5. The device as claimed in any of the preceding claims, wherein each of the moving blades having a suction profile curve, pressure profile curve, leading

edge radius and trialing edge radius configured in accordance with parametric relationships indicated the equations 9, 10, 15 and 16 respectively.

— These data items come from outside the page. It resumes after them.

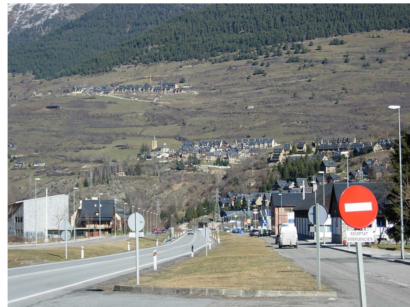
Figura 5.11. Els fons d'algunes valls de l'àmbit han experimentat grans transformacions degut als desenvolupaments urbanístics i industrials, de les vies de comunicació i dels aprofitaments hidroelèctrics dels cursos fluvials, com a Vielha i els seus entorns

A més, s'ha de tenir en compte que aquests nuclis que actualment han esdevingut claus per la seva capacitat de node de serveis, en origen van ser importants perquè van saber centralitzar l'organització d'uns paisatges agrícoles molt importants. Tremp i la conca, La Seu d'Urgell i tots els marges del Segre, Puigcerdà, etc., són casos en els que la ciutat es situa al voltant de grans zones de conreu
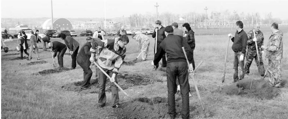
Посадка деревьев вдоль дороги по ул. Молодёжной в ст. Казанской.

9 апреля в Ростовской области прошел весенний День древонасаждений, который стал доброй традицией и в нашем районе.
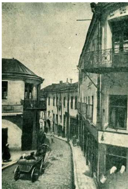
Іл. 17. Вул. Казьмадзем'янаўская (Францыска Скарыны). Здымак Льва Дашкевіча (Чырвоная Беларусь. 1930, № 1). Менавіта тут у фільме «Кастусь Каліноўскі» народнага героя везлі на пакаранне
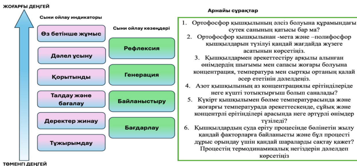
4-сурет – Сыни ойлау кезеңдеріне байланысты оқушыларға қойылған сұрақтардың үлгісі

іздену қабілеттерін дамыту, олардың соңғы аптада зерттеушілік дағдыларын толық меңгеріп, нағыз зерттеуші ретінде жұмыс жасауға дайындауды мақсат етеді. Әр апта сайын мұғалім өтілетін тақырыпқа сай жаңа мәселелік жағдаяттар алып келеді.
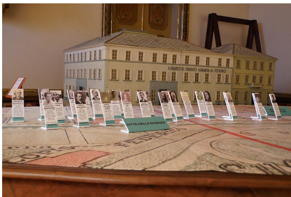
Fig. 2 Particolare della Sala Valentino. Torino città della scienza e i suoi protagonisti.

In ambito accademico due sono i fronti di istituzioni fondate con l'obiettivo di modernizzare il nuovo Regno d'Italia. Da un lato, per mezzo della Legge Casati del 1859 Quintino Sella istituisce la figura del nuovo tecnico moderno con la fondazione della Scuola di applicazione per Ingegneri, a cui si affianca, già a partire dal 1862, la nascita del Museo Industriale Italiano, tra i primi istituiti in Europa, per percorsi professionalizzanti e di alta specializzazione 4 . Dall'altro, in ambito medico-scientifico dal 1884 vengono realizzati su corso Massimo d'Azeglio i nuovi istituti universitari dedicati alla scienza medica (Anatomia e Medicina legale, Chimica e Chimica farmaceutica, Fisiologia e Patologia generale, Fisica e Igiene) con tecnologie e laboratori sperimentali all'avanguardia – fortemente sostenuti dai medici Giacinto Pacchiotti, Giulio Bizzozero e Luigi Pagliani già a partire dal 1876 – che, per imponenza di impianto e novità, vengono riconosciuti in tutta Italia come “Città della Scienza” 5 .

6. The device as claimed in any of the preceding claims, wherein each of the moving blades having a suction profile curve, pressure profile curve, leading edge radius and trailing edge radius in constructed accordance with the technical relationships indicated in equations 11, 12, 15 and 16 respectively.
7. The device as claimed in claim 1, wherein each of the moving blades having a suction profile curve, pressure profile curve, leading edge radius and trailing edge radius constructed in accordance with the relationships expressed in equations 13, 14, 15 and 16 respectively.
8. The device as claimed in any of the preceding claims, wherein the leading and trailing edge radius of each of the moving blades of the device is constructed in accordance with the technical relationships expressed in equations 15 and 16 respectively
9. The device as claimed in any of the preceding claims, wherein profile can be generated with direct scaling according to claim 1 to 7.
10. The device as claimed in any of the preceding claims, wherein the local lean and offset of profile as mentioned in claim 1, 2, 3, 4, 5, 6, 7 & 8 in accordance with Fig 10.